Mother Is Also Accused And Sentenced

In the days and years following the boy’s de@th, Sierra and the boy’s mother, Elsa Oliver, were charged with numerous offenses. Jeremiah and his siblings were the targets of some of the accusations. Both of them were accused of kidnapping and endangering a child. Both received prison terms.

But no one has been accused of the m*rder up until Wednesday. Authorities didn’t label the incident a homic*de until February 2016, or approximately two years after the body was discovered.

On September 14, 2013, Jeremiah was last observed by family members in his apartment at 276 Kimball St. in Fitchburg, where he shared a home with his mother. But the authorities didn’t get involved until December. The boy’s sister reported him missing to the school administration.

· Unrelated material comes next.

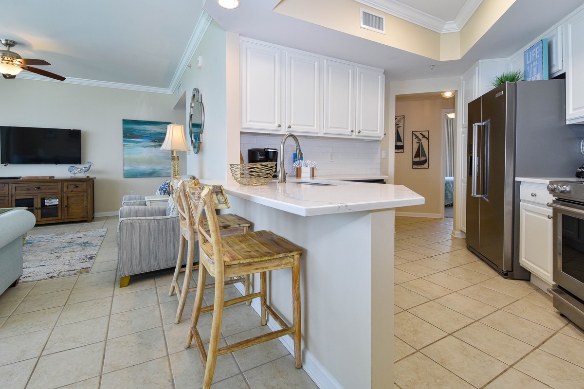 This professionally managed Destin vacation rental is brought to you by Compass Resorts, a locally owned and operated company dedicated to delivering consistent, exceptional quality. Your vacation is our priority, and we strive to exceed your expectations every step of the way. To ensure convenience and comfort, we provide a welcome kit of essential amenities such as trash can liners, small dishwasher detergent, dish soap, dish sponge, a roll of paper towels, laundry detergent, bathroom paper, and facial soap for our guests. Guests will also receive a complimentary SOJO amenity kit with shampoo, conditioner, and body wash in Compass’s own signature scent. For longer stays, we recommend purchasing additional supplies to meet your specific needs.

When it was discovered that the boy had not been seen for several months, the Fitchburg community reacted fast. Friends coordinated a neighborhood search and handed out posters with the boy’s photo on them.

Tracking dogs helped Fitchburg and state police search the area.

For failing to perform house inspections on the boy, a state Department of Child & Family Services employee assigned to the case and their supervisor were fired. A third DCF staffer received a warning.

Within days, Sierra and Else Oliver were accused of abusing children.

About 350 people attended the boy’s funer@l two weeks later at Rollstone Congregational Church in Fitchburg. Jose Oliver, Jeremiah’s father, who was at the time a resident of Connecticut, joined the mourners in honoring the young child who adored Spider-Man.

Martineau observed, “The case shook the city of Fitchburg’s conscience.” We, the 45,000 inhabitants of the city, used to be Jeremiah’s family, and now we are here, starting the healing process.

Sierra was charged with murder in connection with Oliver’s de@th on Thursday in Worcester Superior Court. He was also charged with disinterring a body in the indictment. To both counts, Sierra entered a not guilty plea in front of Superior Court Judge Karin M. Bell.

On May 25, Sierra was given the order to remain behind bars until her bail hearing.

The defense attorney Marissa Elkins and assistant district attorney Courtney Sans both attended the arraignment.

When questioned if Jeremiah now has a voice, Martineau responded, “We gave him a voice from the day this came to our attention.”

Martineau commended the state police, the office of Worcester County District Attorney Joseph D. Early Jr., as well as active and former Fitchburg Police Department investigators, on behalf of the city of Fitchburg and its citizens, for never giving up and carrying out their investigation.